Of course I recognized the card, because it was my cousin’s, Sal Cumella.
So I says to the guy, “What the heck are you doing with my cousin’s card?”
“Sal is your cousin?” he answered. “He’s in the bank right now.”
The next thing I know, me and Sal are exchanging Sicilian kisses and talking about the families, business in general, and the fact that I’m 76 years old and not necessarily a prime physical specimen, being that I use a scooter — my beloved Tornado — to get around because I’m a couple pounds overweight.
To make a long story endless, he starts telling me about these “telomeres,” some things I can’t even pronounce that apparently can expand human life to about 150 years through cell regeneration — which, if it came to fruition, would make me a spring chicken.
Apparently, this renowned scientist Bill Andrews has spent two decades unlocking the molecular mechanisms of aging, and by golly, he may have figured it out.
Of course, there is a down side, my doctor cousin said. See, even though they can get a human to live 125 years with telomere, they would need some organ transplants to make it to 150. But that’s a price I’m willing to pay.

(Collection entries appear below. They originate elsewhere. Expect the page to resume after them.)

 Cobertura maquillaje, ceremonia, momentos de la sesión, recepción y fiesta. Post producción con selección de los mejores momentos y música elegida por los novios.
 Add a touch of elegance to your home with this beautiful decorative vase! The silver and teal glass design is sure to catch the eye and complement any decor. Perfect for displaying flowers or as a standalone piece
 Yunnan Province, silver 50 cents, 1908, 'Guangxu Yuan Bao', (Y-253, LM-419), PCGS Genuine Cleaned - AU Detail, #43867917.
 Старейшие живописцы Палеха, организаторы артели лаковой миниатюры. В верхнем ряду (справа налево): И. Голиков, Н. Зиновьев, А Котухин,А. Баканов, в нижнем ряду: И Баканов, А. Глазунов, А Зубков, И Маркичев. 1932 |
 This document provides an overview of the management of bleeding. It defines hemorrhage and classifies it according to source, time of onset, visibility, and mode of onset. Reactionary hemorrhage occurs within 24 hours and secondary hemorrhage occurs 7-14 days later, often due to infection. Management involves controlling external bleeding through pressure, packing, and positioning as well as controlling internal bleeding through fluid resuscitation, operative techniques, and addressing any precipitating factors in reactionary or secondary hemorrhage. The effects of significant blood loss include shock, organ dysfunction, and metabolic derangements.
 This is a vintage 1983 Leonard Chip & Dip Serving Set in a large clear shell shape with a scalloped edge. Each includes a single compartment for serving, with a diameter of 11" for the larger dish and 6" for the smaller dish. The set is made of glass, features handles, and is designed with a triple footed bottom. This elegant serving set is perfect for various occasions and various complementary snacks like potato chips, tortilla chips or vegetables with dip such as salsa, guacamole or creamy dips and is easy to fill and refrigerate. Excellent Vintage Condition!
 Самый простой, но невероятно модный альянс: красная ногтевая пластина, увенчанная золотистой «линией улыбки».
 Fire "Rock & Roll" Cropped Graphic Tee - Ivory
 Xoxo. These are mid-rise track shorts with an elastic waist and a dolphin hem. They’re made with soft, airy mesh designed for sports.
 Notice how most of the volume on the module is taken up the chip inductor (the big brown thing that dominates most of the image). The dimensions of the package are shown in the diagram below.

Dr. Cousin extolled the process which has garnered a frenzy of attention from billionaires, kings and queens, government heads, and yours truly. You don’t believe me? Well, pal, the proof is in the pudding, and in this case the pudding is not Jell-o Brand or My-T-Fine, it’s an article in last August’s issue of Popular Science. And because the Screecher always does his homework, I’ll even give you the page number: 28!
And the headline: The man who would stop time.
And the author: Joseph Hooper.
And for you whippersnappers who don’t know what a magazine is, the place where you can find it on the interweb: www.popsci.com/science/article/2011-07/man-who-would-stop-time
Look, I’m not going to bore you with the details of how this actually works, you can read the article and figure it out for yourself, but the fact is time marches on, and I’ll do just about anything to stop it.
So what happens if scientist Bill Andrews succeeds in stopping it? Can you imagine everyone getting free longevity shots, like they get free flu shots, at Walgreen’s, Rite Aid, and CVS?
Look, I’m not going to lie to you, I’m pretty excited about this, and I can’t wait to attend my great, great, great, great, great, great, great grandchildren’s weddings, recitals, bar mitzvahs, graduations, birthday parties, christenings, and sweet 16s.
I can just see me and the misses, 50 years from now, watching the evening news at 6 pm, seeing Joan Rivers and saying, “Wow, she doesn’t look a day over 112!”